David Horn: Professor of Parasite Molecular Biology, University of Dundee

Researchers at the University of Dundee have identified a new drug target in parasites that cause major neglected tropical diseases, a discovery that contributes towards a global drive to eliminate these diseases by 2030.

African trypanosomes, transmitted by tsetse flies, cause lethal diseases in humans and livestock, known as sleeping sickness and nagana respectively. Around 70 million people in sub-Saharan Africa are thought to be at risk of contracting sleeping sickness, which kills thousands of people each year. Nagana causes vast economic harm to these countries and can exacerbate food shortages.

New drugs in development have been shown to effectively kill the parasites, but until now it has remained unclear how these drugs actually work, hindering further development of the therapies and an understanding of potential resistance mechanisms.

Taking on this challenge, a team from Dundee’s Wellcome Centre for Anti-Infectives Research examined the mode-of-action of acoziborole, a cheap, safe and effective, orally administered drug, currently progressing well in advanced clinical trials against sleeping sickness.

Using cutting-edge genetic technologies, they were able to show that acoziborole targets a protein called CPSF3. Structure modelling then revealed key differences between human and parasite CPSF3, at the site where the drug binds, explaining why the drug is safe and non-toxic to humans.

These findings will facilitate development of improved therapies and prediction and monitoring of drug resistance.

David Horn, Professor of Parasite Molecular Biology at the University, said, “Our starting point here was a group of potentially excellent drugs but with parasite killing mechanisms that remained a mystery. To investigate how they acted against trypanosomes, we developed and optimised a new advanced high-throughput genetic screening approach and used it to pinpoint the target of acoziborole.

“It is possible to use drugs against disease without knowing exactly how they work, but a problem arises when resistance develops because you don’t know how to tackle it and can’t set up surveillance for resistant parasites because you don’t know which genetic mutations are involved. Knowing the mode of action helps you to adapt, update and improve drugs, reduce toxicity, increase efficacy and put rational combinations together as well as understand resistance.

“This study is a great example of how new high-throughput and precision genetic technologies can rapidly fill that knowledge-gap. In this case, even pinpointing a key interaction with a specific site in a single enzyme. CPSF3 is now among the most comprehensively validated drug-targets in this important group of parasites.”

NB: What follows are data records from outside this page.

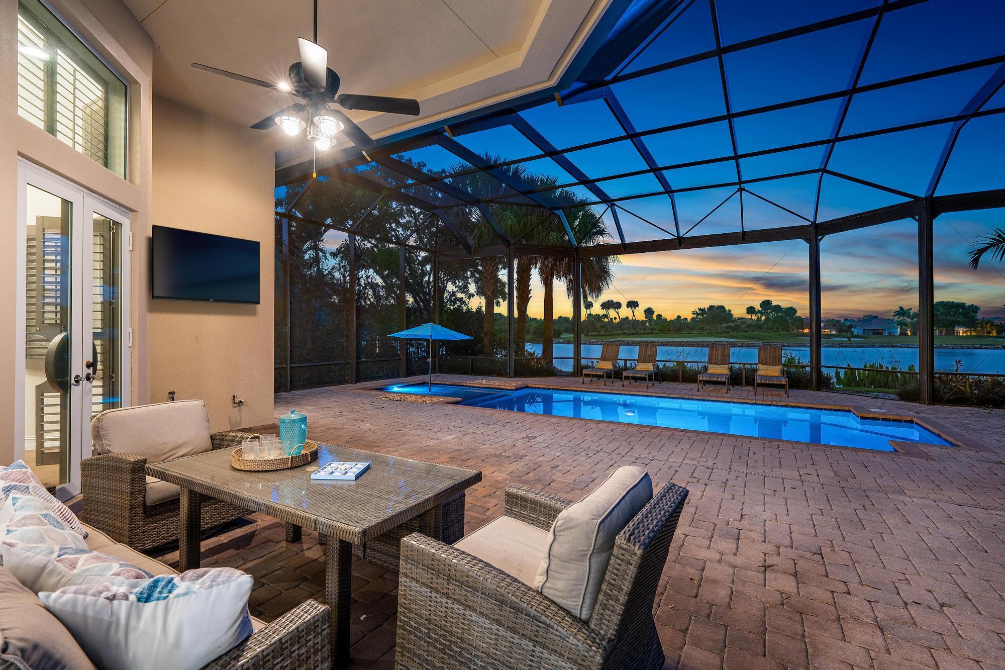 IMMEDIATE ACCESS to a FULL GOLF MEMBERSHIP! Wake up to golden sunrises over still water and views of the signature 16th hole. -- a private estate in Jupiter Country Club where luxury meets lifestyle. Set on one of the most coveted lots in the community, this move-in-ready home offers sweeping water and golf course views, and a freshly painted interior. Designed for both growing families and seasonal residents, the flexible floorplan features a main-level primary suite and guest suite, plus 2 (3) additional guest suites upstairs. Entertain with ease in the beautiful kitchen, unwind in the screened lanai, or take the golf cart for dinner at the club. With a 2-car garage plus dedicated golf cart garage, this home blends elegance with everyday convenience. All within a gated community offering
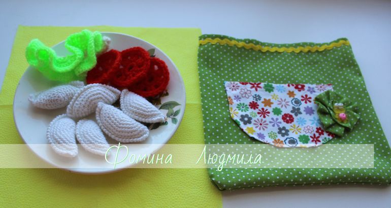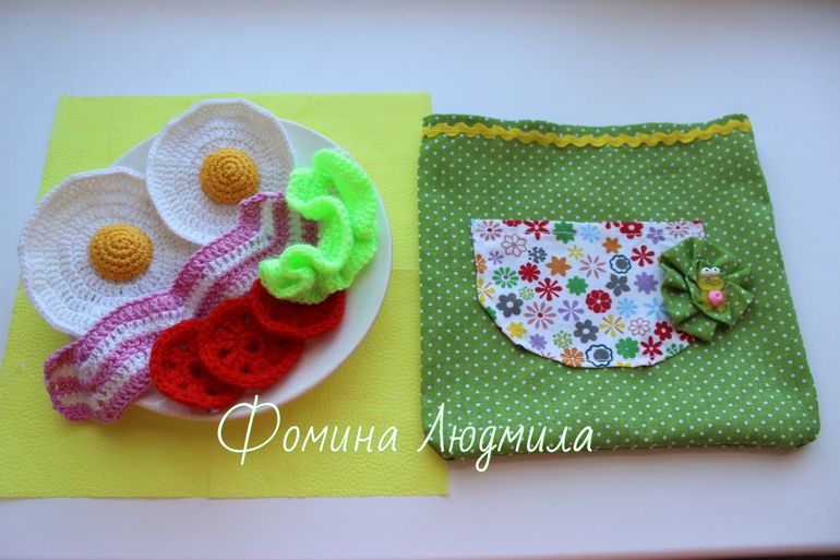 Первая конечно на очереди моя любимая крестница Полина . специально для нее я связала набор "Завтрак большой " Яичница ,бекон ,сосиски ,листик салата ,помидоры + обед немного вареников .Плюс конечно веселенькая сумка .
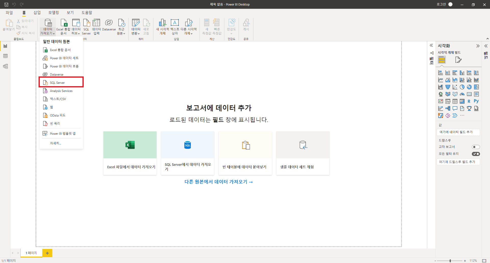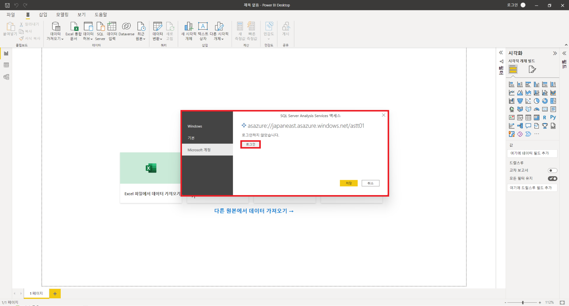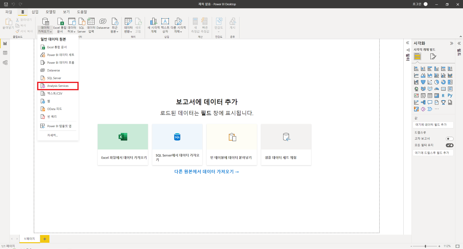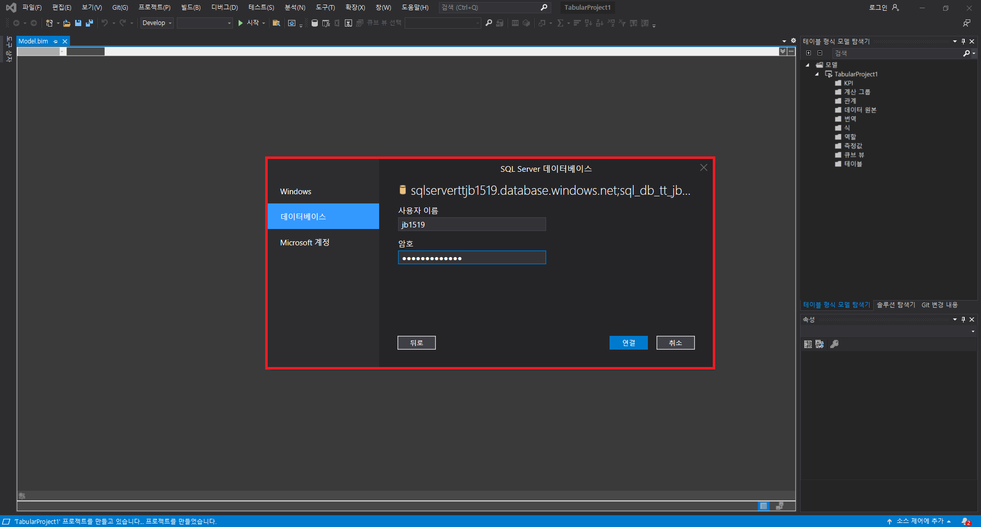 : 위와 같이 데이터를 변형하는 과정을 구성하였다면 PowerBI와 SQL DB를 직접연결하여 데이터를 시각화하거나 Analysis Service를 생성하여 PowerBI와 연결하여 시각화할 수 있습니다. 데이터가 많고 분석해야할 내용이 많다면 PowerBI의 자체기능만으로 작성하게 되면 속도와 성능문제가 존재하기에 분석을 따로 해준 후 결과값만을 로드해서 사용해서 쓸 수 있게 해주는 서비스를 Analysis Service라고 생각하시면 됩니다. Analysis Service 사용을 위해서는 Visual Studio의 사용이 필수적이며, 환경설정도 그에따라 맞추는 과정이 필요합니다. 이번 게시글에서 사용한 환경설정이 궁금하신 분들은 위의 게시물을 참조하시기 바랍니다. SQL DB와 직접 연결하는 방법은 매우 간단하며, 자세한 방법은 아래와 같습니다.

CPSF3 is also the target of a related compound (AN11736) in veterinary trials against nagana. Notably, CPSF3 may also be targeted by similar drugs that are effective in killing related parasites that cause other major neglected tropical diseases such as Chagas’ disease and leishmaniasis.

Acoziborole and AN11736 form part of a broader class of boron-containing compounds with many potential applications. The antitrypanosomal compounds have been progressed through pre-clinical and clinical development by Anacor, Scynexis and the Drugs for Neglected Diseases initiative (DNDi).

The new study is the result of a push to identify the targets of this increasingly important class of antitrypanosomal drugs, which offer hope of achieving a World Health Organisation target of disease control by 2030.

There is currently no effective vaccine against African trypanosomes and the drugs used to treat sleeping sickness are limited in their use and efficacy due to toxicity, resistance or complexity of administration.

The paper has been published in the journal PNAS USA and the research was funded by the Wellcome Trust and the UK Medical Research Council.